Liverpool fans were initially blamed for the disaster by the police and even some members of the media, but eventually an independent inquiry found that a police commander’s poor decisions around crowd management led to the tragedy.
Dwyer said the initial reaction created mistrust — which carries over to the government and often to the royals.
As a self-described anti-monarchist, he planned a vacation outside of the U.K. so he didn’t have to be around during the coronation festivities.
“It will ratchet up this week,” he said. “I can’t bear to be in the country.”
Schoolchildren cheer Charles, Camilla
In Liverpool, some Union Jack flags hang near a mall, and some stores — particularly national chains — carry coronation promotions, but there isn’t a lot of visible fanfare.
When Charles and Camilla, who will become Queen on Saturday, visited Liverpool on April 26, they helped to unveil the Eurovision stage and said they would be watching the competition.

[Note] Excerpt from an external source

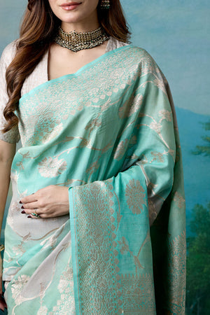 Immerse yourself in the serene beauty of our Shaded Blue Banarasi Saree, expertly crafted from rich tussar georgette. The saree is intricately woven using the cutwork technique and adorned with shimmering gold zari, creating a look of opulent refinement.

As part of their tour in the hometown of the Beatles, they were cheered by schoolchildren but also jeered by protesters with the anti-monarchy group Republic.
Holly Lucas, a head teacher at a local primary school, took her students to wave flags during the visit by the King and Queen Consort.
While stopping in at a local coffee shop, she told CBC News it was exciting for the children to take part but that Liverpool isn’t as much into the Royal Family as the rest of the U.K.
“It is a political thing,” Lucas said. “People would appreciate more support. Liverpool gets a bit of a bad reputation down south.”
Angry crowds ‘not representative’ of city
Liverpool, which saw its industrial economy collapse in the 1970s and ’80s, along with the departure of tens of thousands of people, has experienced population growth over the past decade.
The city’s downtown includes a mix of students and young families, along with some areas of poverty, according to David Jeffery, a senior lecturer in British politics at the University of Liverpool.
He said the city’s strong Irish population contributes to the idea that many in Liverpool don’t see themselves as British but rather as “Scouse,” a nickname that refers to both the local accent and a Liverpudlian’s cultural identity.
Jeffery said research has shown that Scousers tend to be more left-wing and often step outside the “established rules and norms.”
While the boos from football crowds are loud, he said, what a group of “mainly middle-aged … white men do in a crowd situation … is not representative of the city as a whole.”
Instead, Jeffery said, he believes the dominant feeling toward the monarchy is probably apathy.
“Most people, I think, are just happy to leave the status quo, really,” he told CBC News during an interview on campus.
He said it’s important to consider that any debate around the future of the monarchy is taking place at a time of rising inflation — and when many Brits are unhappy with the way the government is working.
“If that’s all sorted by the time we get King William, then maybe the debates will have settled down then.”